# R/dosresmeta-package.R In dosresmeta: Multivariate Dose-Response Meta-Analysis

.onAttach <- function(libname, pkgname) {
packageStartupMessage("This is dosresmeta 2.0.1. For an overview type: help('dosresmeta-package').")
}

#' Multivariate dose-response meta-analysis
#' @name dosresmeta-package
#' @docType package
#' @import mvmeta
#' @importFrom stats lm AIC BIC delete.response model.frame model.matrix model.response optim pchisq pnorm qnorm symnum terms update
#'
#' @description It consists of a collection of functions to estimate dose-response
#' relations from summarized dose-response data for both continuous and binary outcomes, and to combine them according to principles of (multivariate) random-effects model.
#'
#' @section Modeling framework:
#'
#' Dose-response meta-analysis represents a specific type of meta-analysis. Aim of such analysis is to reconstruct and combine study-specific curves from summarized
#' dose-response data.

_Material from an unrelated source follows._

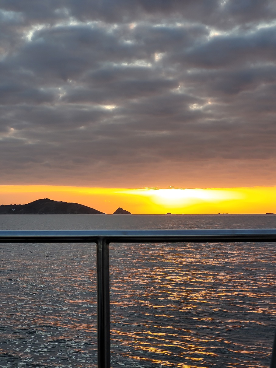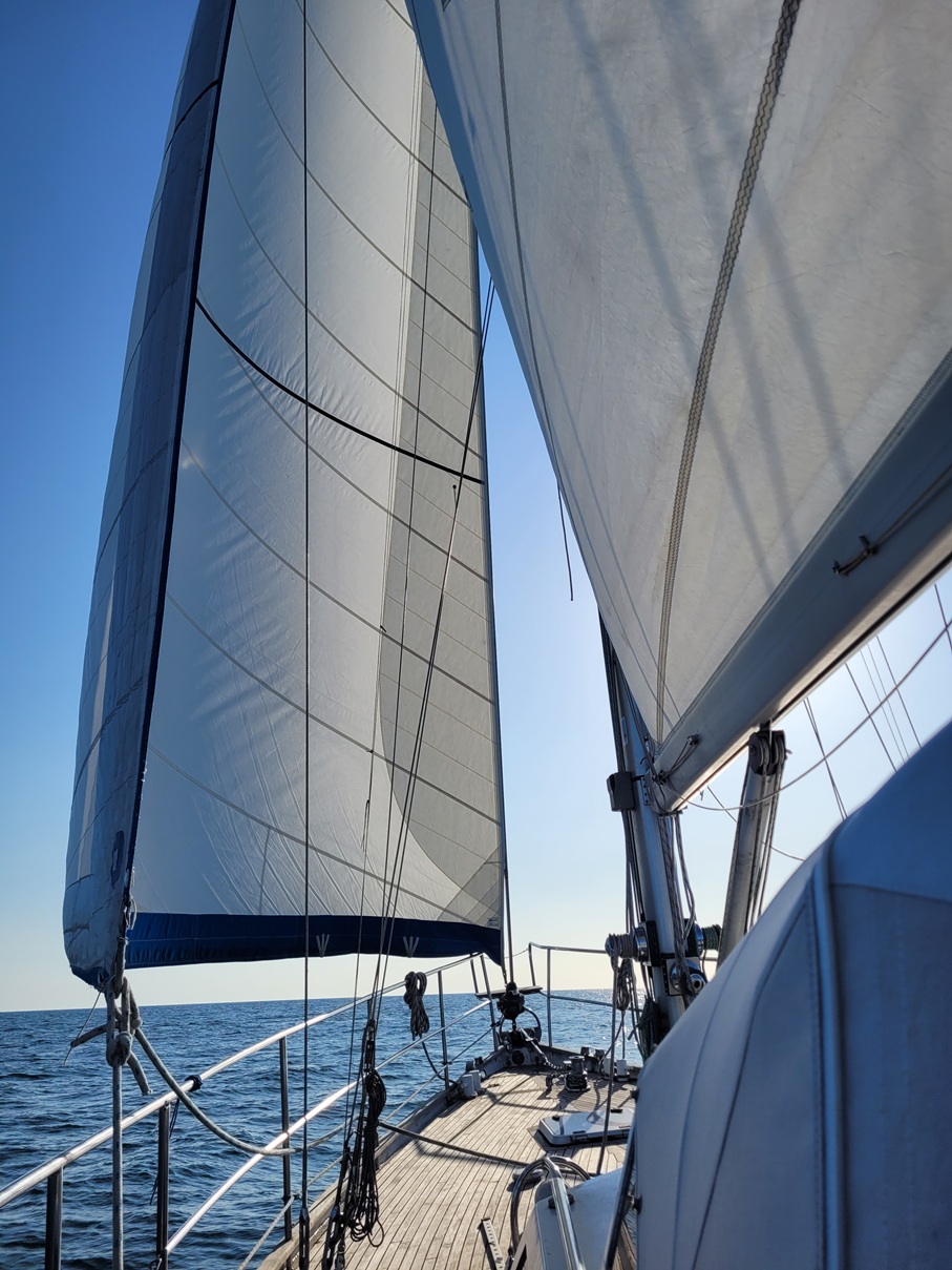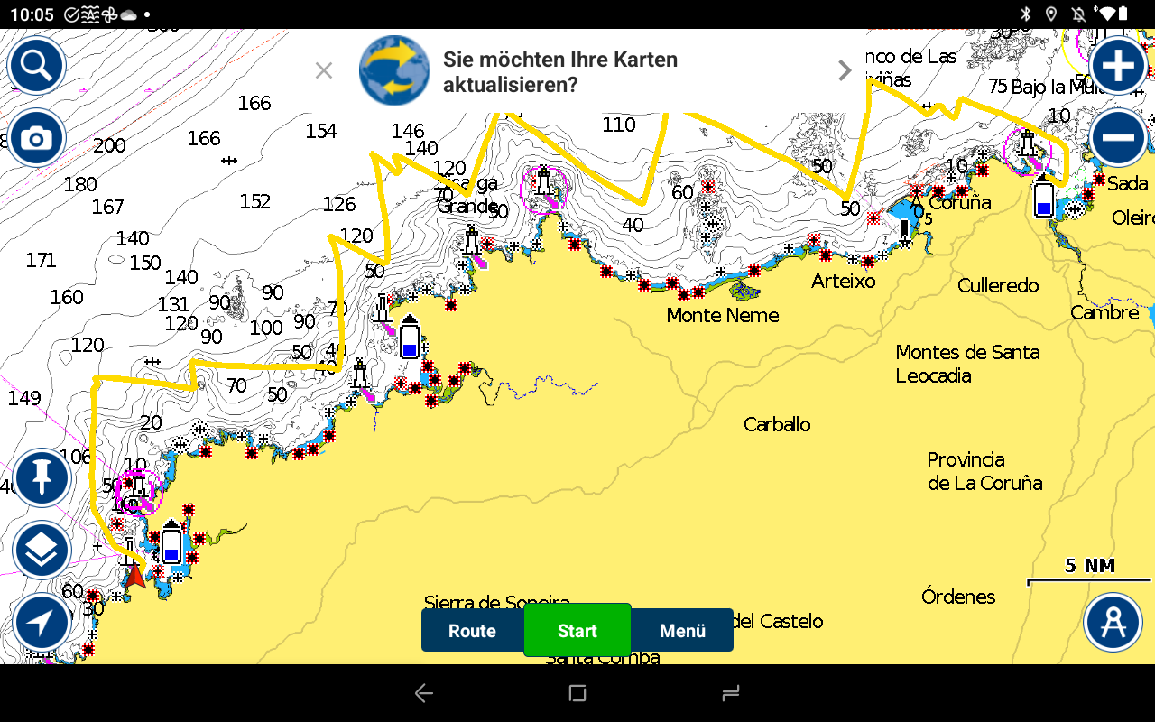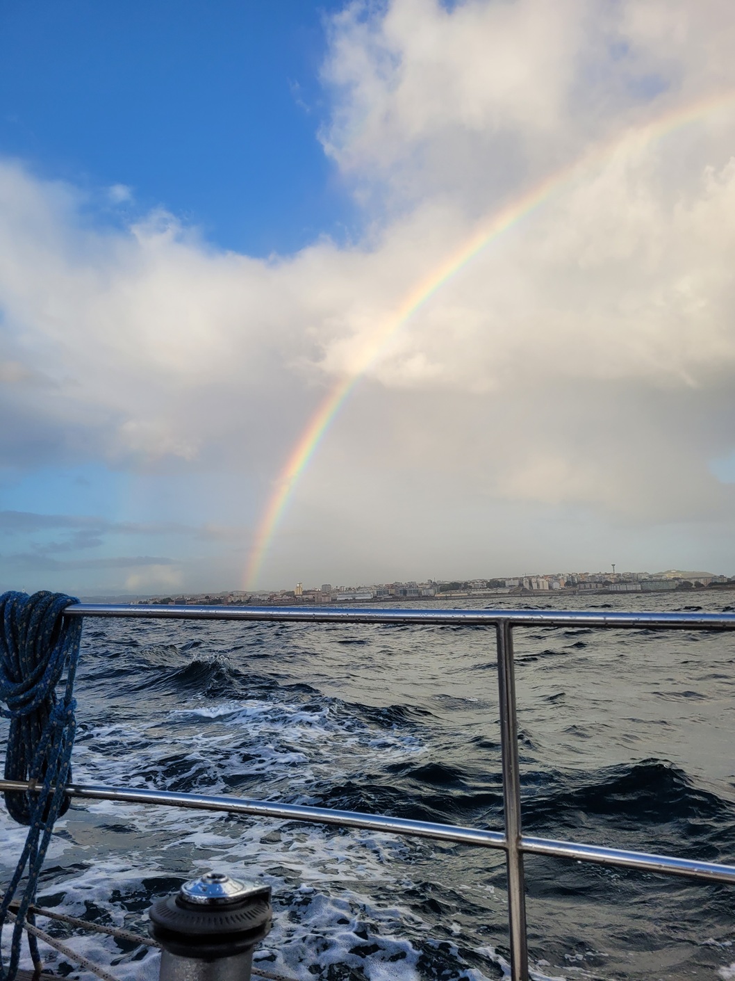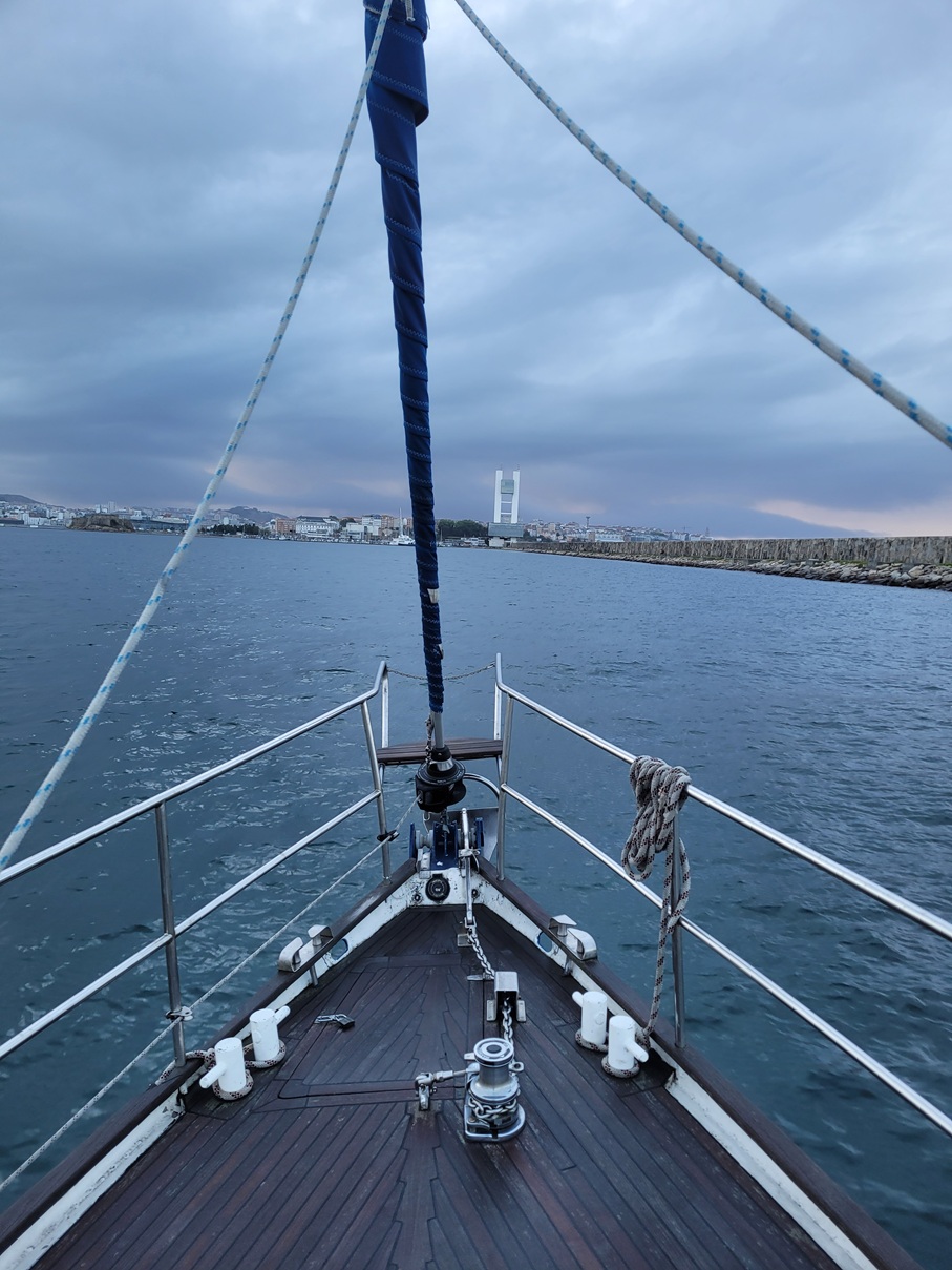 | Bemerkungen: Ok, ich machte mich auf zum spannendsten Abschnitts meiner Reise, ich musste an den Orcas vorbei. Laut Orca-App waren die letzten Angriffe auf Segelboote am 01.09.2025 im Riva Arousa und vor Vigo, da musste ich nun vorbei. Ich dachte mir, es sind ja Säugetiere, die nachts evtl. schlafen, vielleicht auch nicht so gut sehen oder keine Lust haben, so dass ich lieber in der Nacht vorbei fahre. Zuerst musste ich aber die Costa da Morta hinter mich bringen, die mir ja schon soviel Mühe gekostet hat, am Kap Finisterre war sie zu Ende. Dieses berühmte Kap heißt übersetzt das "Ende der Welt" was die Menschen vor Christoph Columbus damals dachten. Davor die Weite des Atlantiks, mit seinen mir durchaus bekannten langen Wellen die bis von Amerika rüberkommen. Mitunter ist dazwischen ein Sturm oder sogar ein Orkan, dessen Wellen uns auf der Biskaya, kurz vor A Coruna erwischten. Nun kommen wir also in die wunderschönen Fjorde, würde ich sie bezeichnen, die ins schöne Galizien hineinragen. Hier wollte ich eigentlich unbedingt mal ankern, auf meinem Hafenhandbuch ist ein Bild eines Segelbootes, welches vor dem weißen Sandstrand ankert und man badend zum Strand schwimmen konnte. Aber leider wird daraus nichts, denn die Orcas sind schlaue Tiere, die das auch wissen, hier gibt es viele Segelboote. Sie sind gerade hier, manchmal auch ganz wo anders, z.B. vor Gibraltar, aber nein sie sind hier. Also mache ich erstmal einen Bogen um diese Region. Ich beobachte das Meer genau, ob ich etwas sehen kann, aber alles ruhig bisher. Dann sehe ich hinter mir etwas schwarzes unterhalb der Oberfläche - oh nein - es springt aus dem Wasser, es ist glücklicherweise ein Delfin, die ich auf meiner Reise schon so oft gesehen habe, dann kommt noch einer, der bis zur Reling hoch springt, ich könnte mit der Hand danach greifen, so nah, dreht sich in der Luft und schaut mich an, sehr witzig dachte ich mir, als wenn er wüsste, dass ich gerade angespannt bin. Die Dämmerung kommt es wird Nacht ich, als ich an Vigo vorbei bin, gehe ich weiter unter Land unweit der 20m Tiefenlinie, so wie es allgemein empfohlen wird, beim Umgang mit Orcas, das ist ihnen zu seicht. Ich schnaufe durch und bereite mich auf die Nachtfahrt vor. Es blieb ruhig der Wind frischte etwas auf und ich komme gut voran. Wenn ich müde werde, schau ich nochmal ringsum, dann auf das Radar und auf das AIS ob irgend ein Schiff in den nächsten 3-4sm in der Nähe ist, dann schlafe ich so ca. 25 min, denn bis dahin kann kein Schiff mich erreichen, das klappt erstaunlich gut. Im Morgengrauen, erreiche ich Viano do Castello - Landfall Portugal. Dies ist das 7te Land auf meiner Reise. In dem Moment schreibt mir mein ehem. Kollege Thomas Czarnecki, dass ich gerade an dem schönen Ort vorbeikomme, wo sie letztes Jahr im Urlaub waren. So verfolgen mich meine Freunde auf meiner Homepage, live dabei. Ab da an wurde es für mich etwas schwieriger, denn die Fischer legen hier überall ihre Netze aus, und deren Flaggen muss ich im Slalom ausweichen, bis zu meinem Zielhafen Povoa de Parzim. Dieser Ort sah nun von See aus gesehen nicht so besonders aus, das sollte sich später im Hafen noch weiter bestätigen. Ich hatte den Einruck ich bin nicht mehr in Europa, es sah alles etwas ärmer aus, wie ich es gewohnt bin. Alleine die Fischerboote sahen sehr alt aus, der Fischereihafen sah aus als wenn er in einem Entwicklungsland wäre. Die Häuser sahen schon etwas runtergekommen aus, am Strand große Hochhäuser, die auch schon bessere Tage gesehen haben. Meine Marina war allerdings modern, zum Hafenmeister musste ich richtig weit laufen. Aber was mich am meisten beeindruckt hat, sind die Menschen. So eine ehrliche Freundlichkeit und Hilfsbereitschaft habe ich selten erlebt. Ich brauchte ein paar Dinge für die Aaris, und ein Hafenarbeiter fuhr mich mit einem modernen elektrischen Opel. Ich erzählte dass ich aus Deutschland hier her gesegelt bin und er zeigte mit die Stadt und erzählte gleich noch etwas über die Geschichte und die Sehenwürdigkeiten. Ein anderes Beispiel: Ich ging in die Stadt, die von meinem Steg aus nicht weit war. Da fragte ich einen älteren Herren nach einem Supermarkt, ich merkte er spricht kein englisch, ich kann kein portugiesisch, aber er erklärt mit den Händen wohin. Dann muss er vorgelaufen sein, ich sah in nicht mehr, bis er genau vor dem Eingang des Supermarktes auf mich wartete und mir den Weg in den Eingang zeigte, er verschwand wortlos. Ich war mächtig beeindruckt, sowas hatte ich noch nicht erlebt. Noch am Abend beschloss ich am nächsten Morgen weiter nach Porto zu fahren um zu Tanken, der Hafenarbeiter hat mir genau erklärt wie ich da hin komme und das ich nicht zur Ebbe nach Porto in die Tankstelle reinfahren kann. Im Morgengrauen bereite ich mich auf die Weiterreise vor, da kommt der gleiche Hafenarbeiter vorbei, ich glaube eher zufällig und fragte ob er beim Ablegen helfen soll. Ich dachte mir, ich kenne nicht mal seinen Namen, er kannte meinen und sogar wo genau die Aaris liegt. Track 056:

Greenland and Longnecker originally developed the methodology in 1992 for pooling associations from epidemiological studies of binary outcomes.
#' Extensions are currently proposed for other types of outcomes (e.g. continuous) from others study design, such as clinical trials.
#'
#' The summarized dose-response data are most often presented in a tabular way, reporting the levels of the exposure (doses) and the corresponding outcome variable.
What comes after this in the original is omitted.